## Brief
With pictures excluded, copy word for word the lines in the data below from the line containing "If we use no" through the line containing "Ri-partiamo insieme, questo".

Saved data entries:

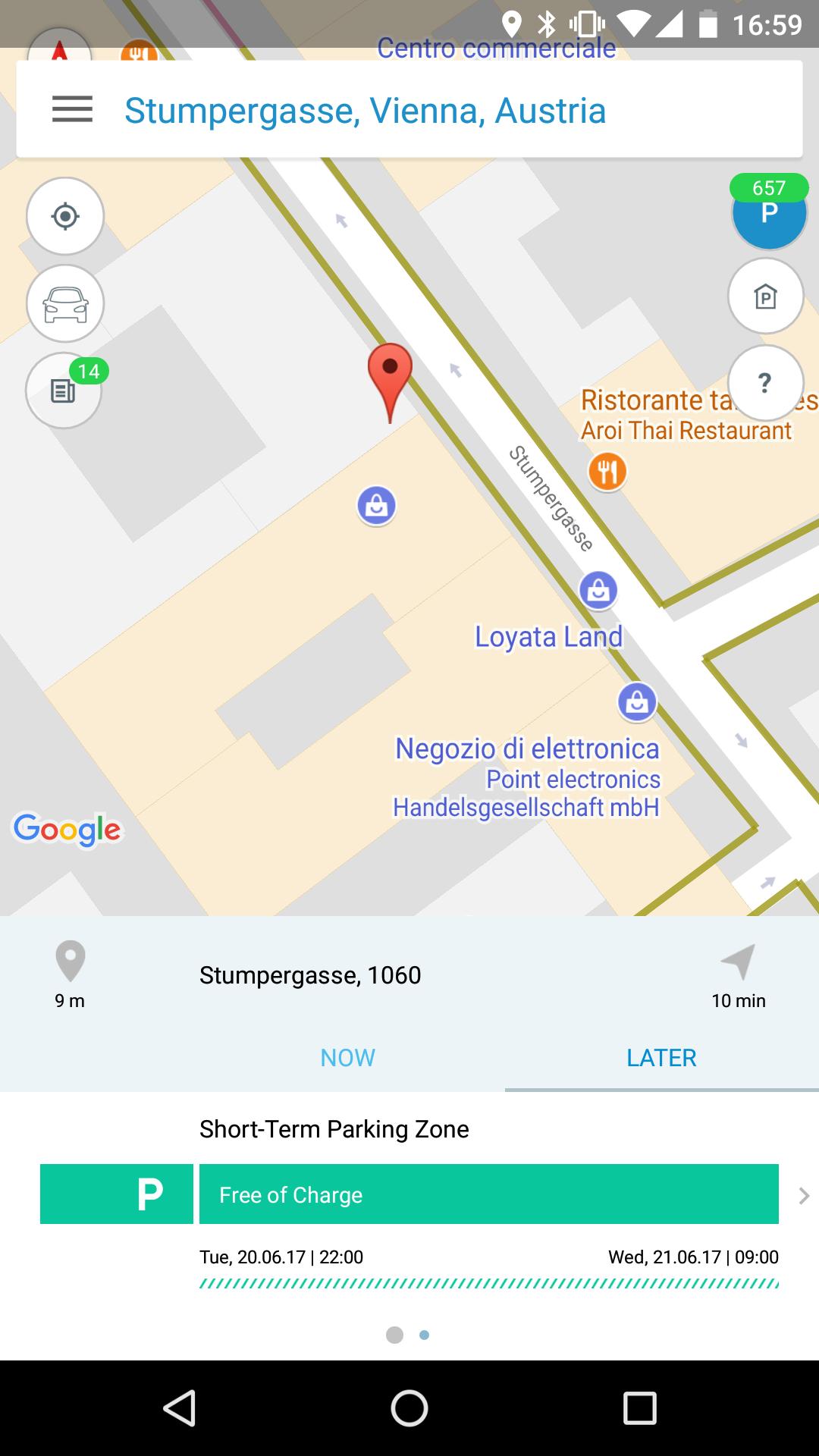 Parkfinder可幫助您在附近找到一個停車位。我們向您展示剛剛可用的停車位 - 實時!可用的停車位以綠色點彈出。這些點的透明度表明停車位的可用性有多大。點越飽和,停車位的可能性就越大。為了提議在您用汽車在城市巡遊時,只需將手機插入移動設備時,請按GPS跟踪功能,然後選擇您所在地區出現的停車位之一。目前,Parkfinder僅在精選城市活動,但很快就會跟隨更多城市。當然,當Parkfinder包括新城市時,我們會盡快通知您。
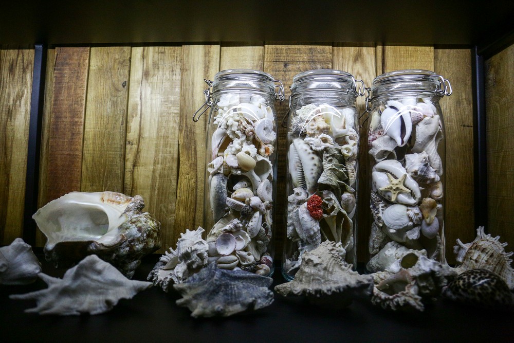 Отдельный шкаф отведён под коллекцию ракушек. Все они подписаны — с Маврикия, с Занзибара, с Мальдив, из Крыма и Сочи. Есть и банка с ракушками из Оби.
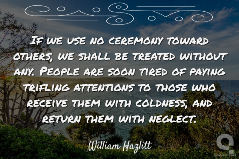 If we use no ceremony toward others, we shall be treated without any. People are soon tired of paying trifling attentions to those who receive them with coldness, and return them with neglect.
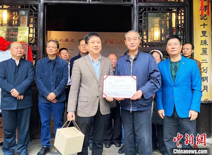 揚州博物館館長束家平接受捐贈并頒發證書。 崔佳明 攝
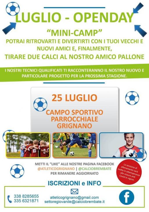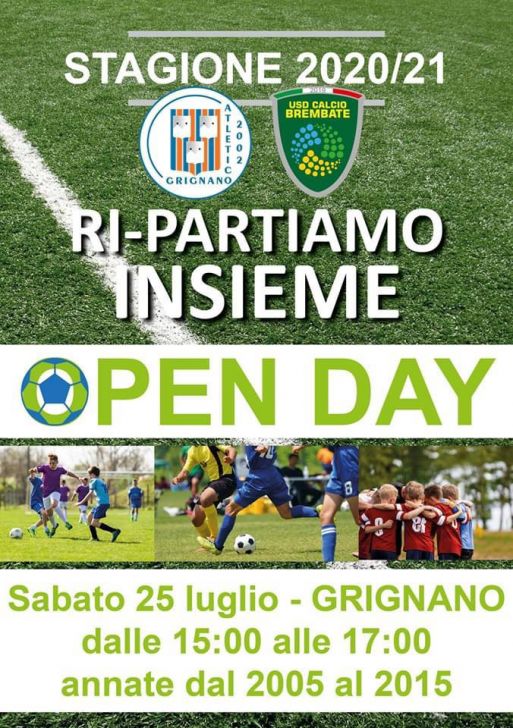 Ri-partiamo insieme, questo il motto dell’open day che si terrà sabato 25 luglio dalle ore 15 alle 17 al campo sportivo parrocchiale di Grignano, un mini-camp per la presentazione del progetto per la prossima stagione.
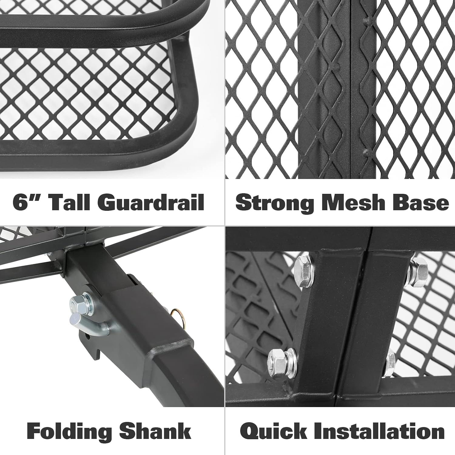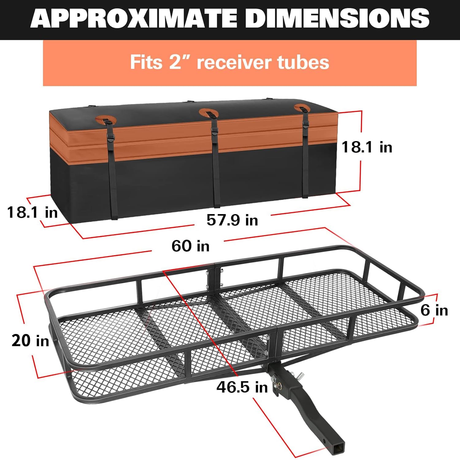 - Overall Dimensions: The hitch cargo carrier measures 60" (L) x 20" (W) x 6" (H), providing plenty of space for your gear. Itβs perfect for camping, road trips, or moving, ensuring you wonβt have to worry about running out of storage space.
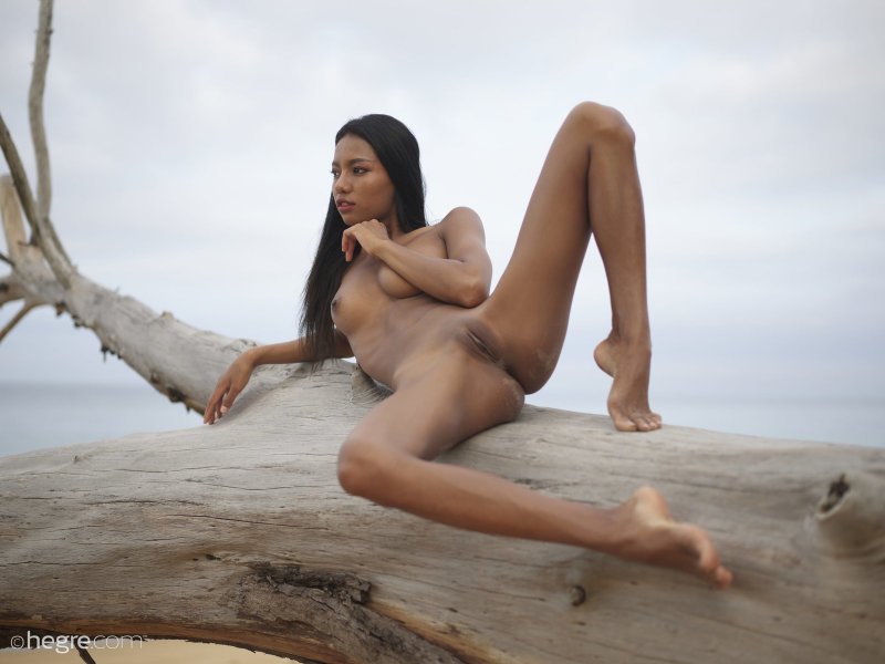 Голая темнокожая азиатка позирует на пляже
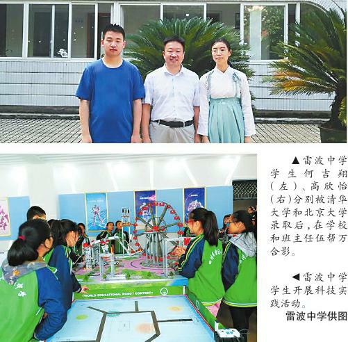 雷波县唯一的高中雷波中学近日传出喜讯:学校今年高考本科率达34%,上线人数总计402人,创历史新高。更值得一提的是,学生何吉翔、高欣怡分别被清华大学和北京大学录取,这是该校建校以来首次有学生同时考上清华大学和北京大学。还有多名学生,被武汉大学、北京师范大学、重庆大学等知名高校录取。
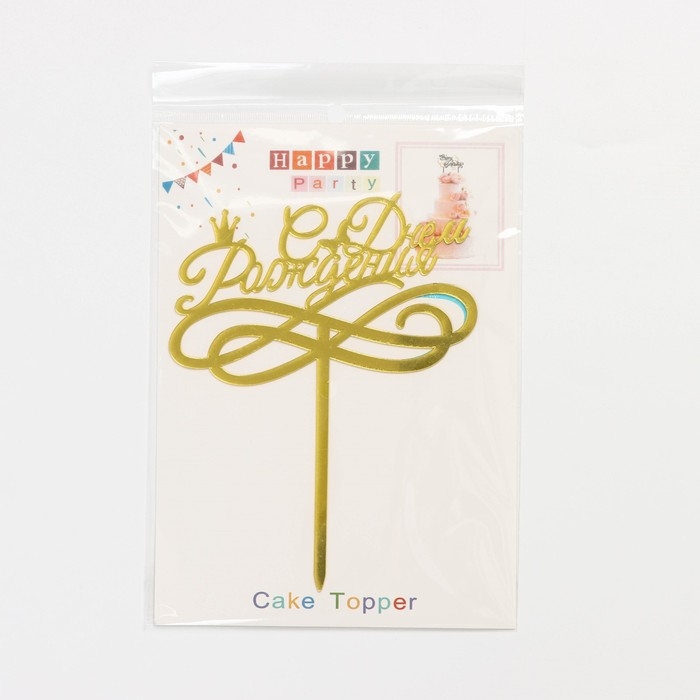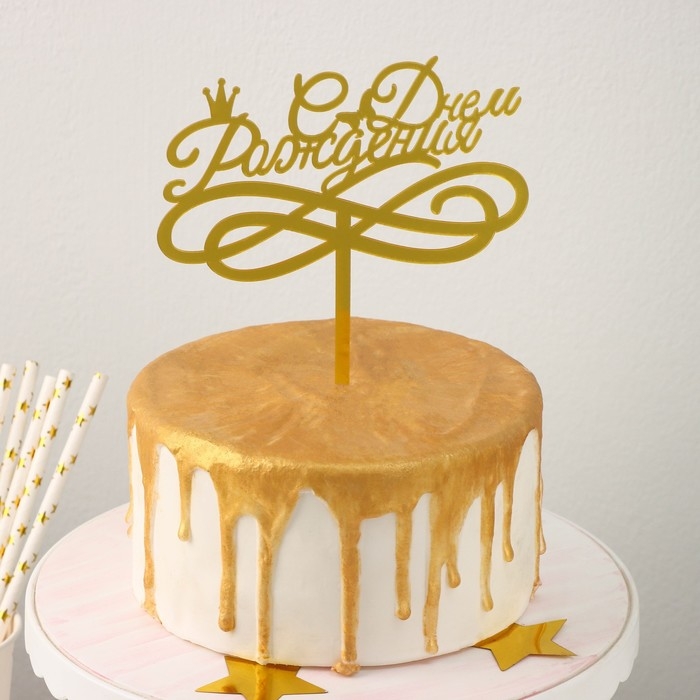 Топпер для торта «С Днём Рождения», 15×13,5 см, цвет золотой

## Solution for this problem
 If we use no ceremony toward others, we shall be treated without any. People are soon tired of paying trifling attentions to those who receive them with coldness, and return them with neglect.
 揚州博物館館長束家平接受捐贈并頒發證書。 崔佳明 攝
 Ri-partiamo insieme, questo il motto dell’open day che si terrà sabato 25 luglio dalle ore 15 alle 17 al campo sportivo parrocchiale di Grignano, un mini-camp per la presentazione del progetto per la prossima stagione.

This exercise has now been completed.